So where do we go?  We need qualified, effective teachers in the classroom, and
we need to quantify their effectiveness. 
We need to demand equitable instructional resources for our schools,
ensuring that equity is measured at the highest points of the scale, and not by
dropping to the lowest common denominator.  We need greater accountability in the schools, both for
instruction and for how we utilize our education resources (particularly new
ARRA dollars) and ensure that such money is reaching those students most in
need.  We need to involve parents,
families, and the community in the school improvement process.  We need to ensure that those students
on the failing end of the achievement gap are given new access to the very best
instruction, from early childhood education to college prep curricula.  We need to collectively demand more
from our schools, and settle for no less. 
And we need to keep up the fight until both the opportunity and the
achievement gaps are things of the past, joining the phoenix and the unicorn as
mythical beasts of the past, never to be seen again.

 

We must also recognize we have no choice in the
matter.  As McKinsey has made
crystal clear, the stakes are simply too high for us to be content with the way
things are.  The achievement gap is
downright destroying the quality of our public schools, the impact of public
instruction, and the future of our economy.  To borrow from a mentor of mine, failure to act, knowing
what we know, is committing educational malpractice.  If education is indeed our next great civil right, now is
the time for our great march on Washington and now is the time for us to truly
act on our dream.

 

Next month, we celebrate the 55th
anniversary of the landmark Brown v. Board decision, integrating our public
schools and offering the promise of equity and opportunity all U.S.
Students.  More than a half century
later, we still have many, many miles to go before the intent of that decision
becomes a reality in our inner-city and low-income schools.  What exactly are we waiting for?



Opportunity First, Then Achievement

How do we close the achievement gap?  The long-term NAEP data released earlier this week clearly demonstrate that we, as a nation, have been unable to make any real inroads at reducing the achievement gaps between minority students and white students.  Despite all our efforts and the best of intentions, the gaps between African-American and white students are as large as they were two decades ago.  The gaps between Hispanic and white students are as large as they were two decades ago.  And one can assume the gaps between low-income and high-income students are as large (or even larger) than they were two decades ago.

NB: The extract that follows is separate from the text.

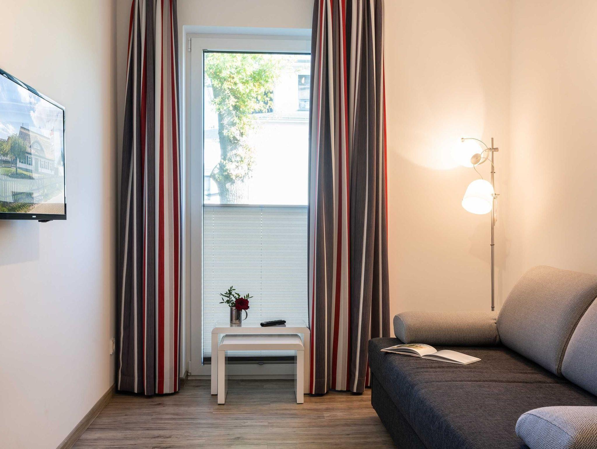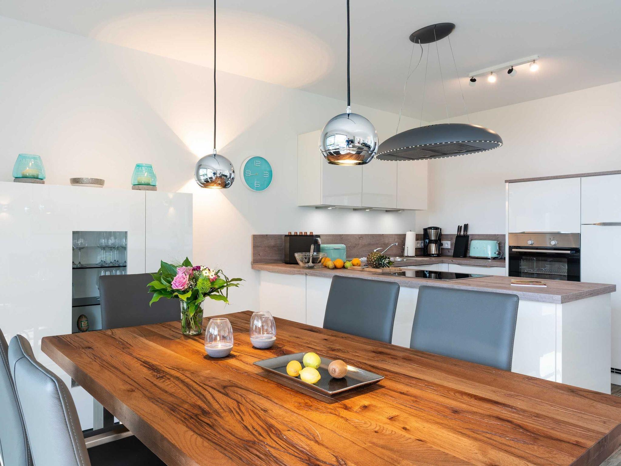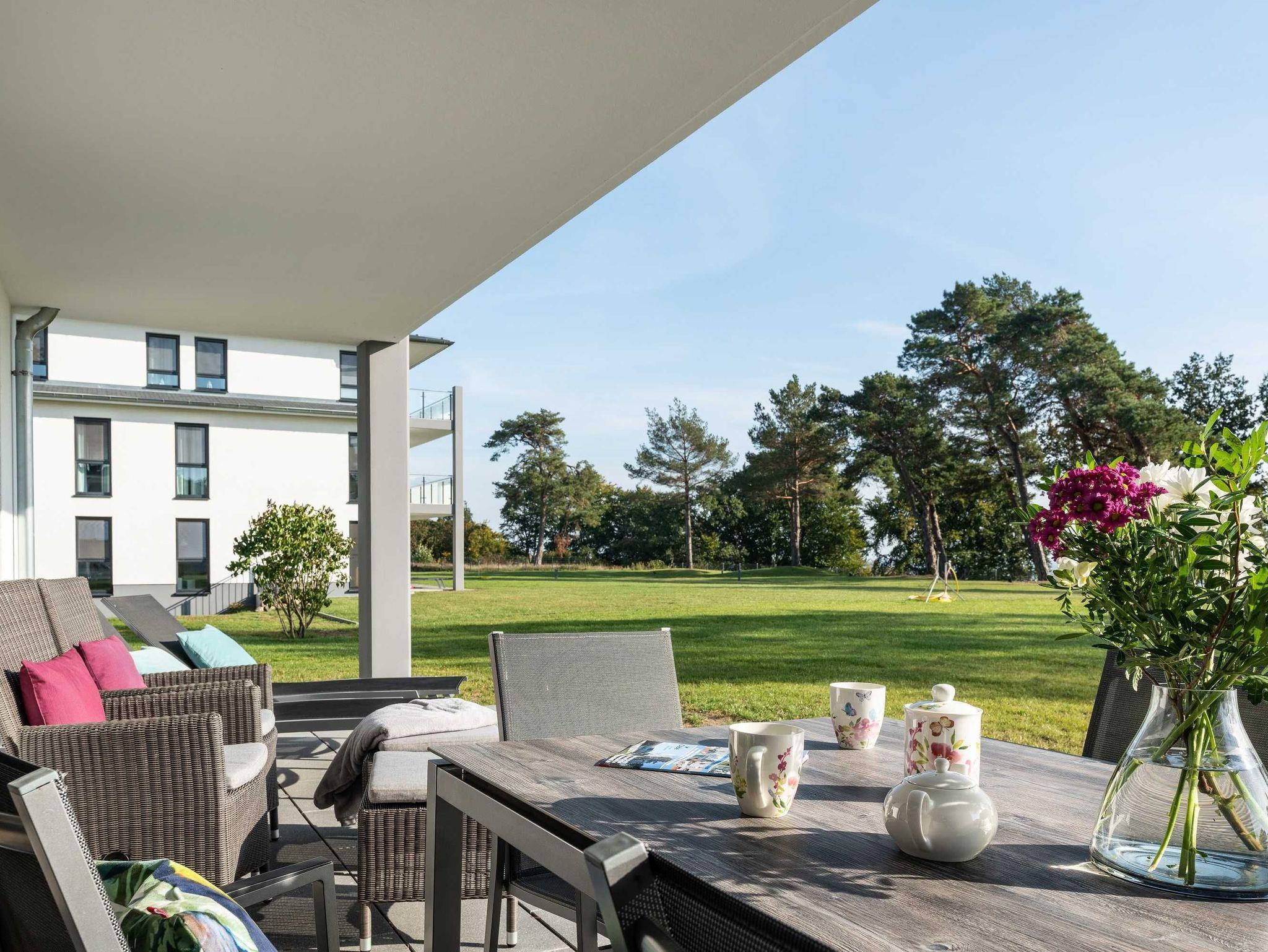 Diese luxuriöse 4-Zimmer-Wohnung im Erdgeschoss von Haus 4 mit Platz für maximal 6 Personen sowie einem Kleinkind bis 2 Jahre im Babybett verfügt über eine Wohnfläche von 119 m² und hat 3 Schlafzimmer sowie 2 voll ausgestattete Duschbäder. Die große Sonnenterrasse mit 21 m² liegt in idealer Süd-Ausrichtung. Die Wohnung ist modern eingerichtet mit offenem Wohn-Essbereich, großem Esstisch, Ledersofa sowie Smart-TV (inkl. Sky-Abo). Die hochwertig ausgestattete Küche, offen zum Wohnbereich, lässt keine Wünsche offen. Erholsamer Schlaf in den beiden Schlafzimmern mit Boxspringbetten und Smart-TV ist garantiert. Im dritten Schlafzimmer befindet sich ein bequemes Schlafsofa (Liegefläche: 1,80 x 2,00 m) und ein Smart-TV. Das Badezimmer en Suite ist mit einer begehbaren Dusche ausgestattet. Auf der großen, überdachten Sonnenterrasse mit Essgruppe und jeweils zwei Relax-Sesseln, Fußhockern, Sonnenschirm und Sonnenliegen können Sie die Seele baumeln lassen.

Some have looked at the NAEP scores, viewing them as a mantra from heaven.  Forget the gaps, they say, we need to focus on a rising tide that has lifted all boats.  Eduflack is the first to acknowledge that, as a nation, we made improvements, particularly in reading instruction.  And we did see upticks for all disaggregated groups.  A definite plus, particularly in an era where so many have questioned our focus on student achievement and evidence-based standards.
But there is no shaking the fact that the achievement gap is very, very real.  It is public enemy number one for our public schools.  If white students are outperforming minority students by 20, 30, or 50 points on standardized math or reading exams, that is a real problem.  All of the interventions, policies, and standards in the world mean very little if we can’t get all students up to a common level.  We cannot guarantee all students equal pathways to success as long as we are posting significant gaps in student learning and achievement.
Over the last few months, the education community has been focused on the notions of improvement and innovation.  In many ways, such concepts are step three in the education continuum.  Step two, leading to such innovation, is student achievement.  To get there, our first step must be one of opportunity, ensuring every student has access to the learning opportunities and resources that are necessary to moving down the pathways of success.
This AM, the Schott Foundation for Public Education released national data for its Opportunity to Learn Resource Index (OTLRI), a data-based tool designed to evaluate students’ access to such educational resources and opportunities.  Schott will be releasing state-by-state educational opportunity numbers next month, but the national numbers are just as frightening as the recent NAEP data:
Specifically, Schott found:
* Black students only have a 47 percent “opportunity to learn,” and Latino and low-income students only have a 53 percent “opportunity to learn,” compared to white, non-Latino students
* Only 15 percent of Black students are currently in well-resourced, high-performing schools, while 42 percent are in poorly resourced, low-performing schools
* Latino, American Indian, and low-income students attend poorly resourced, low-performing schools at similar percentages as Black students
* The average White, non-Latino student is twice as likely to be in a well-resourced, high-performing school
Why are these numbers so important?  We simply cannot close the achievement gap if we aren’t adequately resourcing those students on the losing end of the gap.  We can’t expect African-American and Hispanic students to pull themselves closer to their white counterparts if they are being asked to do more and more in poorly resourced, low-performing schools.  We can’t provide all students the promise of equal paths of success when white students are twice as likely to attend a well-equipped school than minority students.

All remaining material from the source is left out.